Insights on lysozyme aggregation in protic ionic liquid solvents by using small angle X-ray scattering and high throughput screening

Abstract

Solvents play a crucial role in protein instability and aggregation, which are undesirable in biomedical applications. The development of quantitative, high throughput methods of evaluating protein aggregation is important in the search for novel solvent mixtures/systems, such as ionic liquids (ILs). In this study, three different small-angle X-ray scattering setups were employed to determine lysozyme size, shape, and aggregation in IL-water mixtures, including a high throughput plate approach, capillary autoloader, and size-exclusion setup, in order of increasing measurement time and scattering data quality.
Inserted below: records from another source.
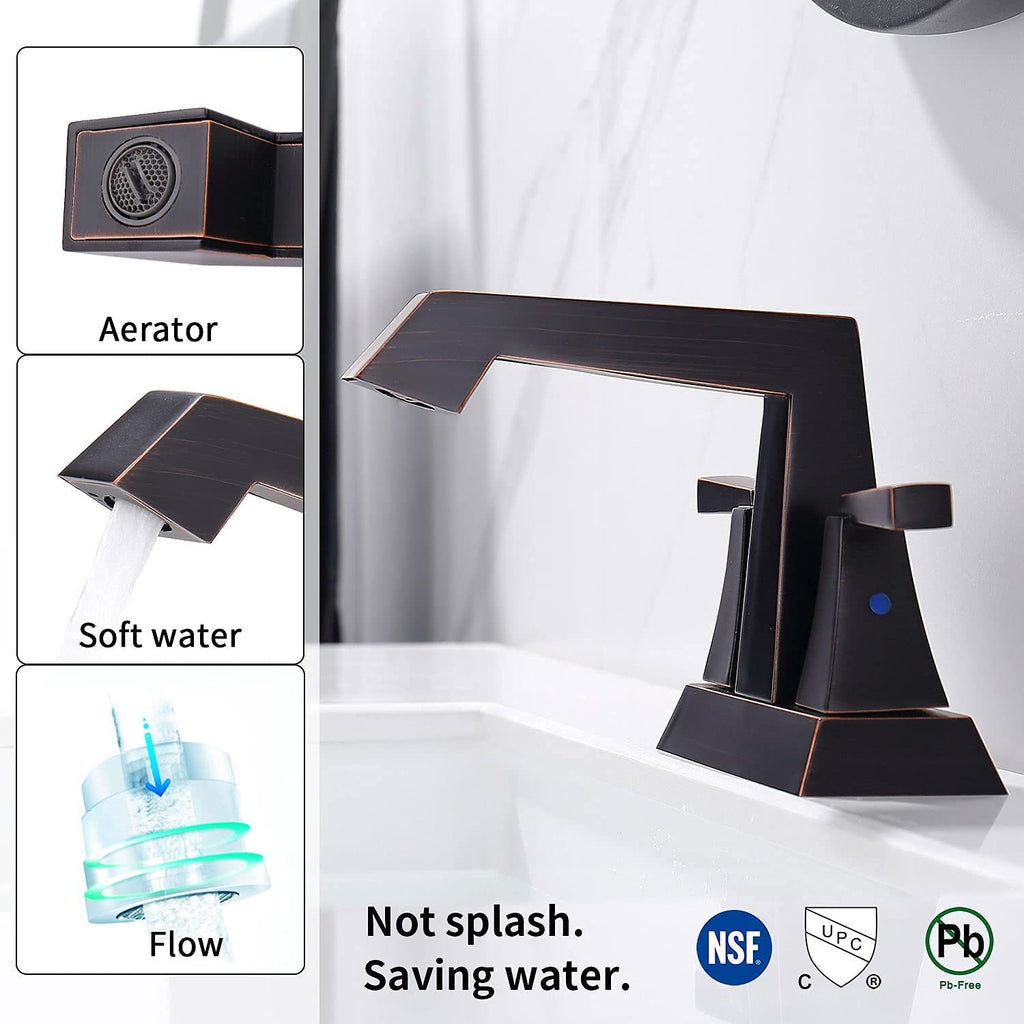 - Modern designed hot & cold dual handles ❤ —— The handle accords with the ergonomic design, this bathroom sink faucet is more comfortable to use. Its two handles give you more control over the temperature and provide aerated water flow. Angular lines edges of the supwork oil rubbed bronze bathroom faucet create a modern appeal at an attractive price.
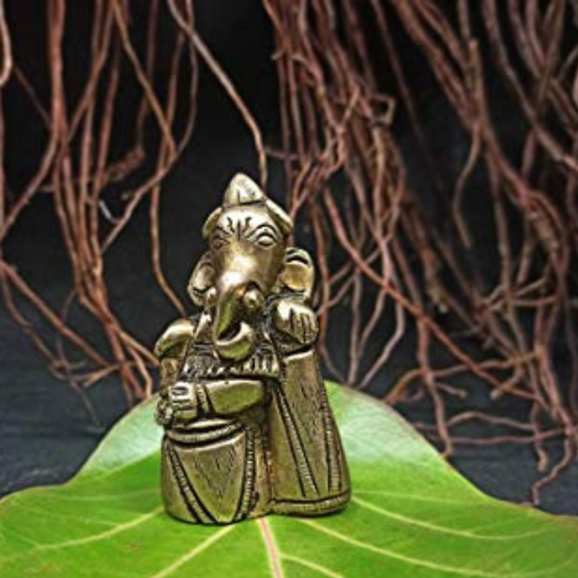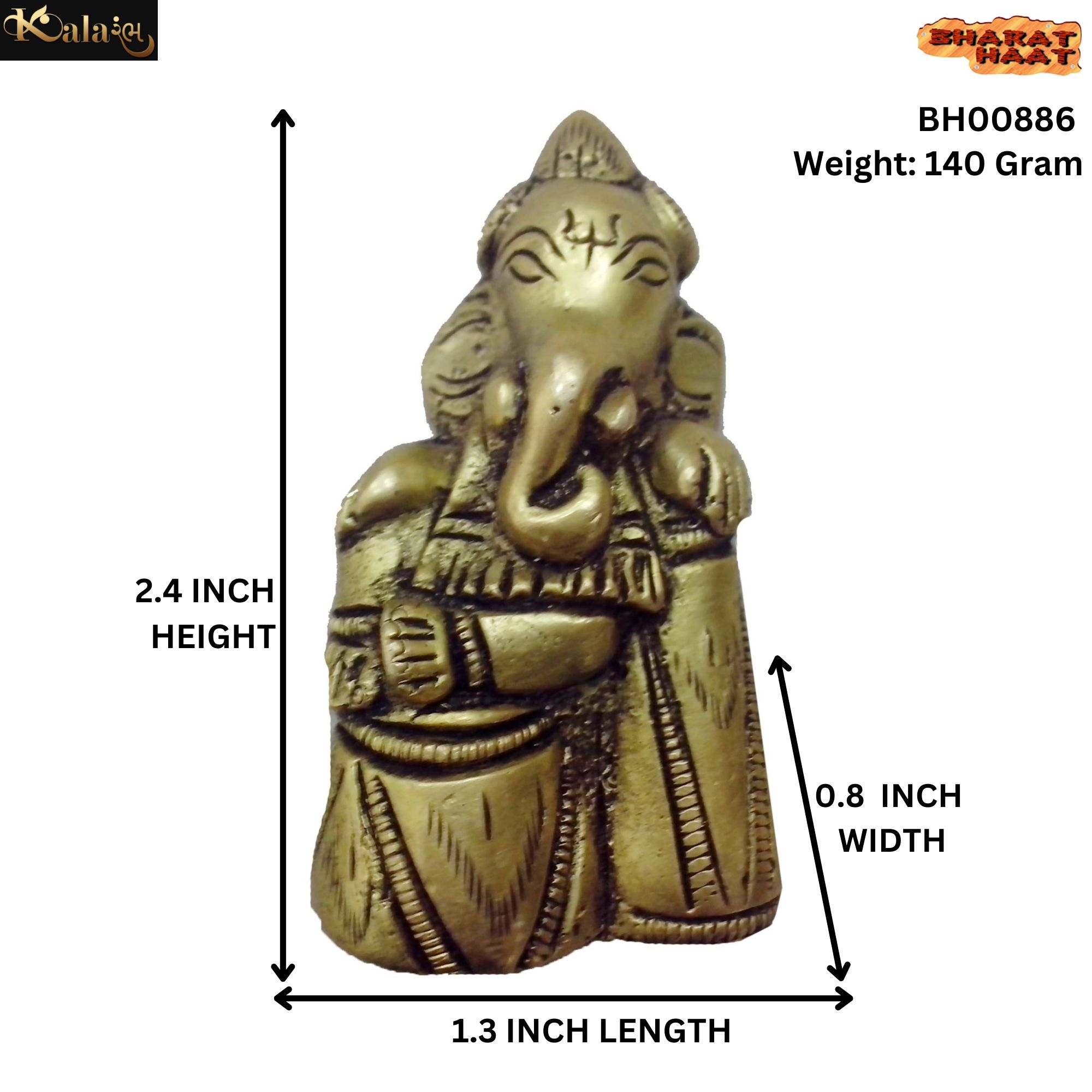 Miniature Brass Ganesha playing tabla, ideal for home worship and décor. Size: 1.3 x 0.8 x 2.4 Inch | Weight: 140g. Adds charm to pooja rooms or as a thoughtful spiritual gift.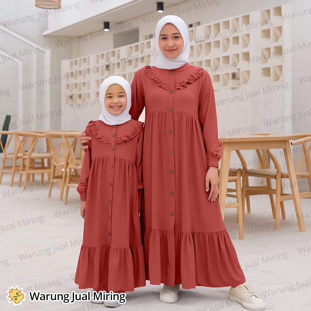 Baju Gamis Couple Ibu Anak Dewasa Crinkle Muslim Korean Style Putih Hitam Pink Dress Cewek Remaja Harian Polos Warna Pre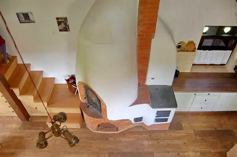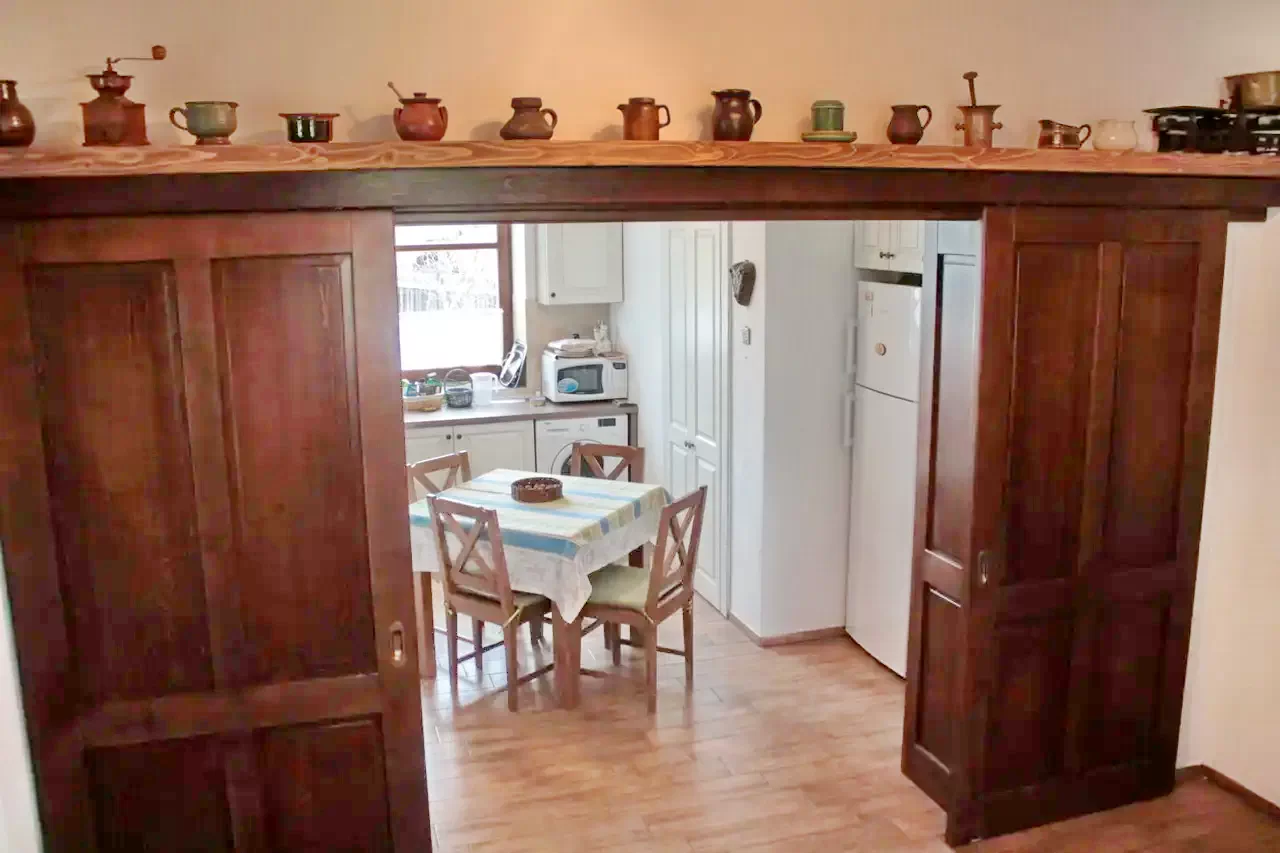 - Casa Mica - are o bucatarie-sufragerie cu cuptor tradițional.
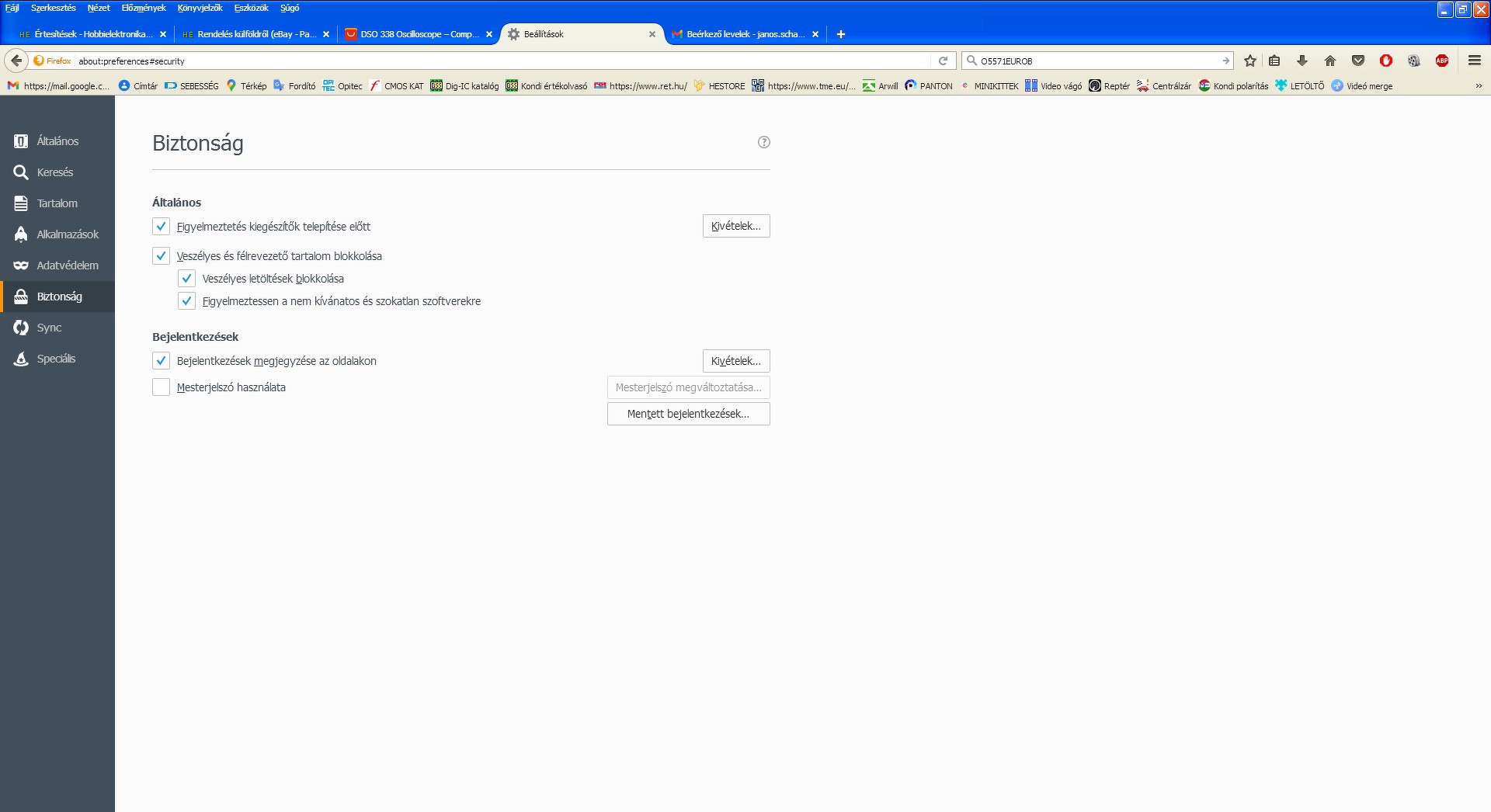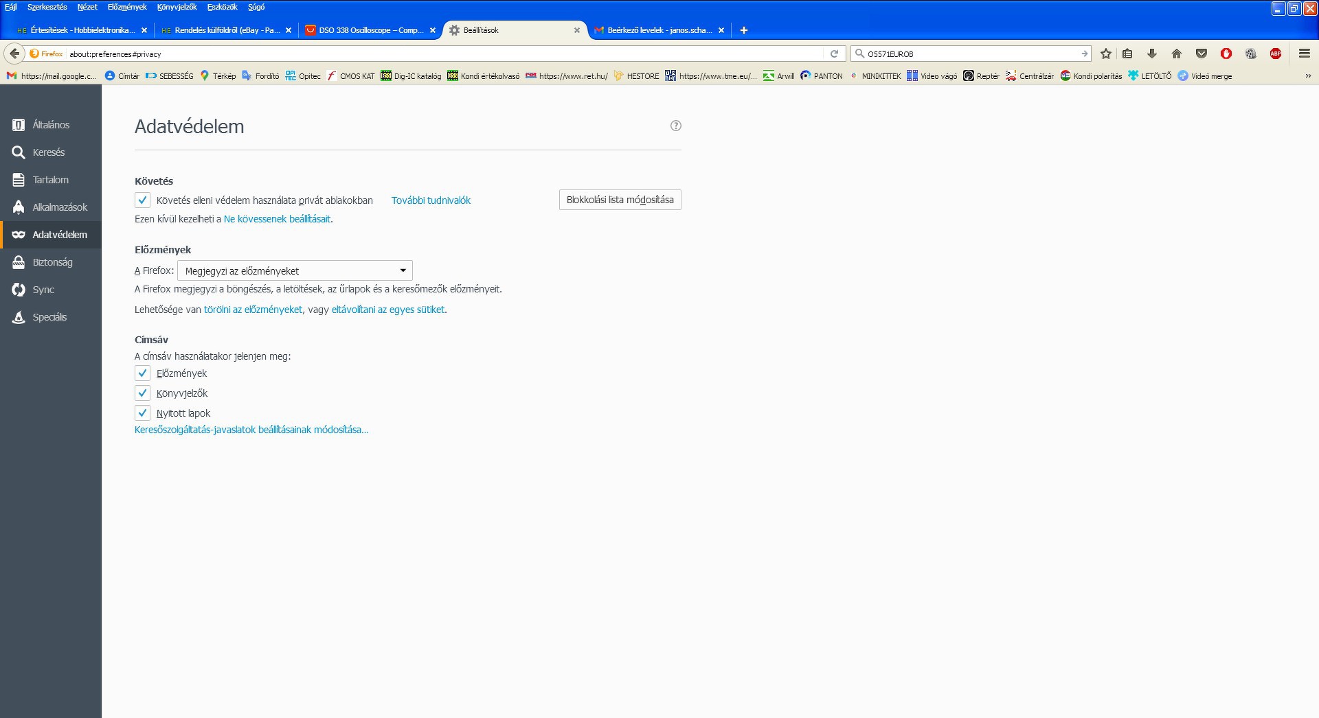 Jó, abban a régebbi firefoxban az adatvédelem külön van a biztonságól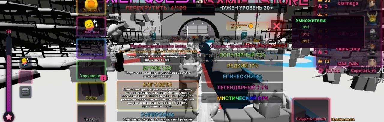 3. Ink game — имеется мифичечкая сила, а именно бог молний, 15 уровень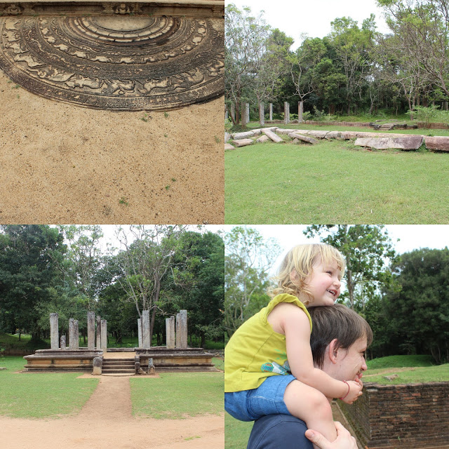 Nous avons ensuite fait un court arrêt dans un musée, puis sur les ruines du Temple Mahasena dont il ne reste que quelques colonnes et surtout la pierre de lune qui est encore très belle.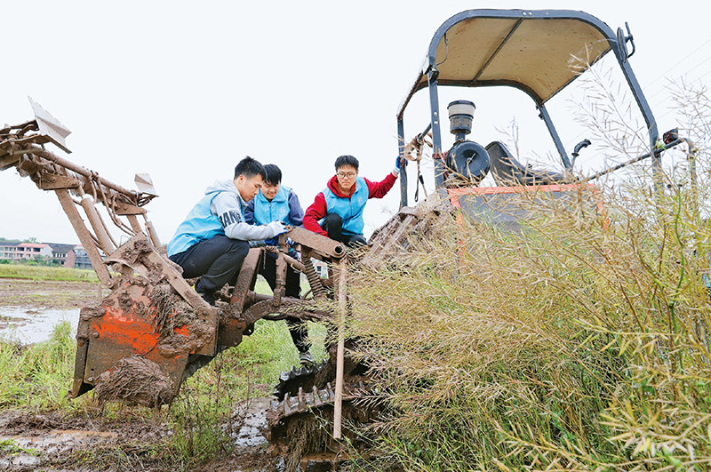 圖為2023年4月29日,南華大學(xué)的大學(xué)生志愿者利用五一假期到湖南省衡陽市衡陽縣西渡鎮(zhèn)新橋村開展勞動助農(nóng)行動,幫助農(nóng)民檢修、保養(yǎng)農(nóng)機,用勞動實踐助力鄉(xiāng)村振興。(新華社發(fā) 曹正平/攝)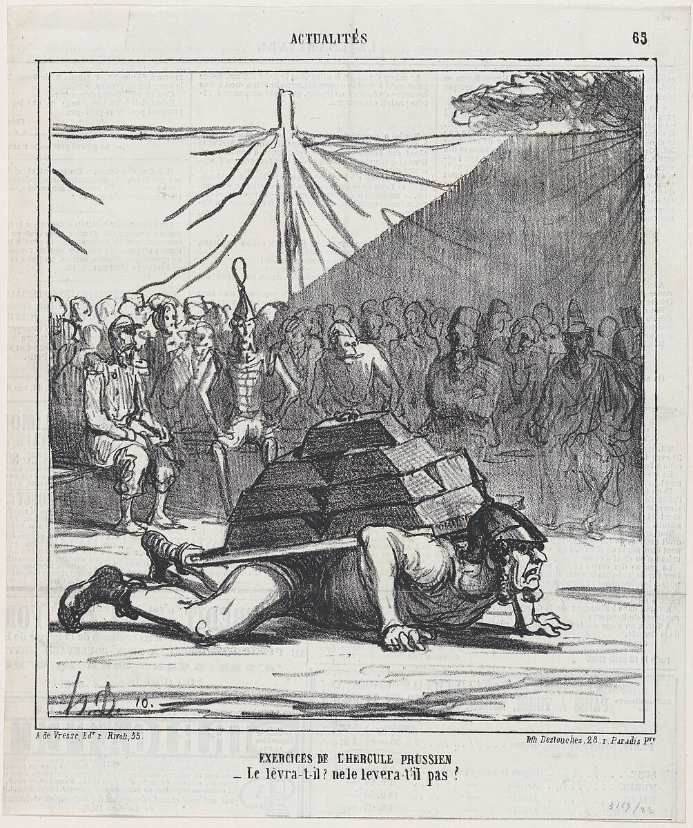 - Title: Exercises of the Prussian Hercules: Will he or won't he be able to lift it up?, from 'News of the day,' published in "Le Charivari"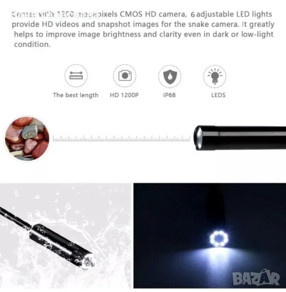 Ендоскопска Водоустойчива камера Wi-fi Ендоскоп HD720P, 3 m, 8 x LED → Обява 49387085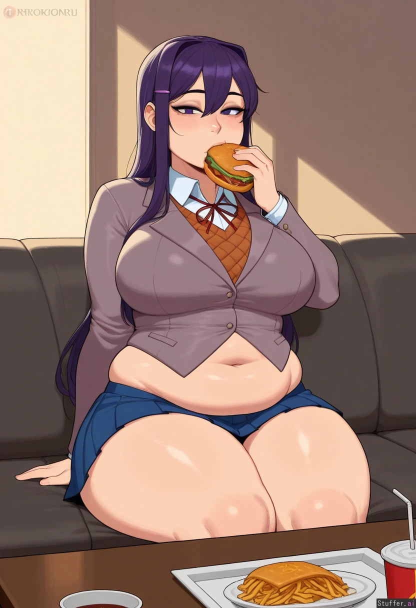 krekkov(artists), KAMII MOMORU(artist), beautiful shading, highly detailed, best quality, perfect anatomy, perfect proportions, perfect lighting, Solo, (Yuri from Doki Doki Literature Club), long purple hair, mascara, uniform, mini skirt, sitting on sofa, lazy, (fast food on the table), afternoon, eating, (plump body: 1.3),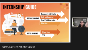 The webinar began with Ms. Pooja Gera sharing her journey, highlighting the challenges encountered before securing internships and providing candid insights into her experiences. Including missed opportunities such as the Google STEP internship, LinkedIn coaching mentorship program, and Uber STAR internship, her openness underscored the significance of resilience and learning from setbacks.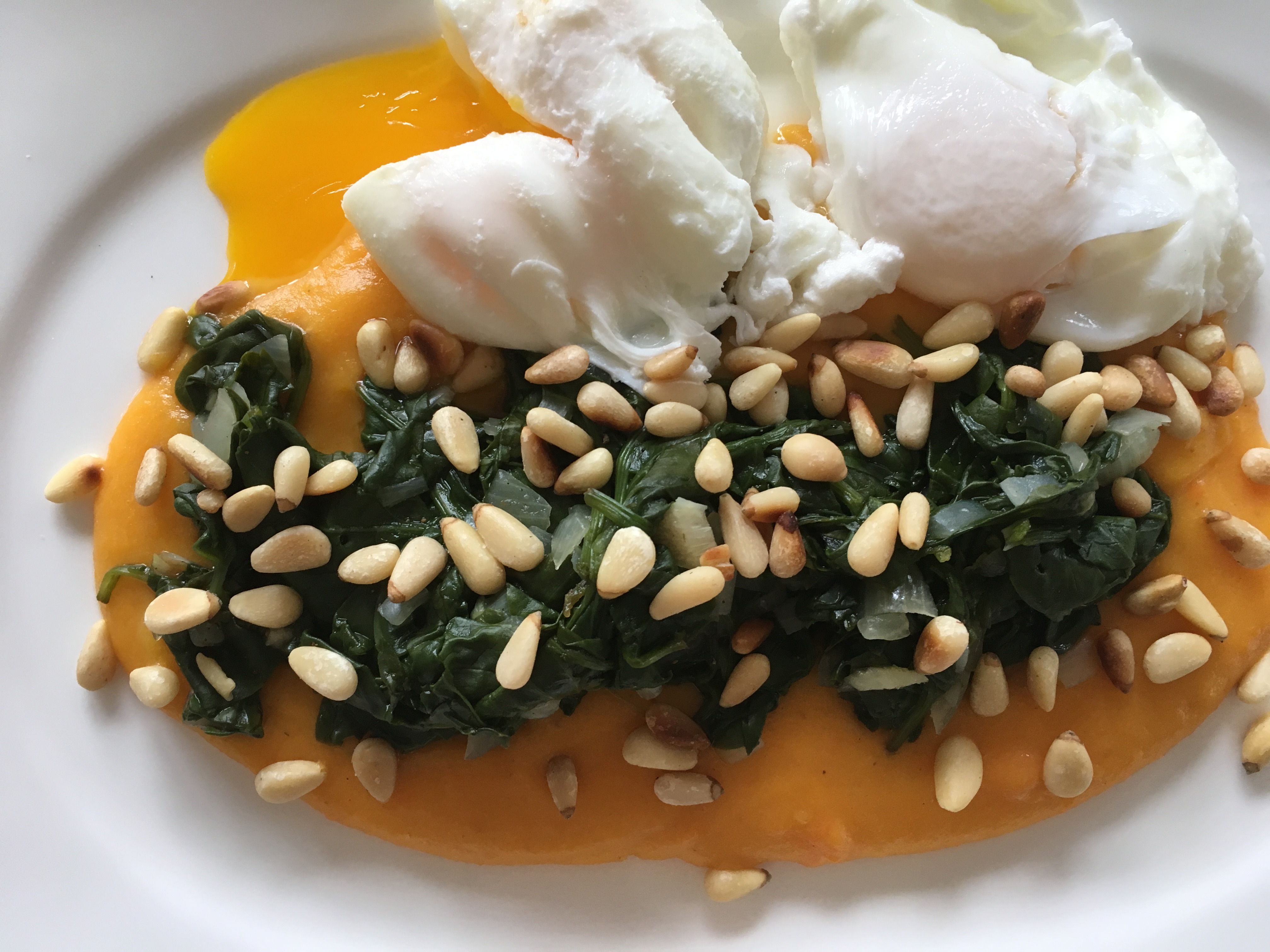 Zuerst den Karotten-Kartoffel-Stampf auf den Teller streichen. Darauf dann den Spinat drapieren und pro Person ein bis zwei Eier an den Rand legen und leicht salzen. Am Ende alles mit den gerösteten Pinienkernen bestreuen.

Protein size and shape were determined in low concentrations of ethylammonium nitrate, and the degree of protein aggregation was evaluated by a pseudo-radius of gyration (pseudo-Rg). The short collection time, and wide viscosity tolerance render the plate setup ideal for high throughput screening of protein aggregation in complex IL systems. We then investigated the effect of five additives, known to stabilize proteins, on lysozyme in 144 different IL-water mixtures. We showed that lysozyme lost its shape and had increased aggregation with over 17 mol% IL present, though lysozyme was less aggregated in ethylammonium nitrate (EAN) and ethanolammonium formate (EtAF) solutions. Further, lysozyme aggregation was slightly suppressed by glycerol in EAN-water mixtures, and by trimethylamine N-oxide in EtAF and ethylammonium formate aqueous solutions. This work develops a new quantitative and high throughput approach for evaluating protein aggregation in solvent systems, including viscous solvents.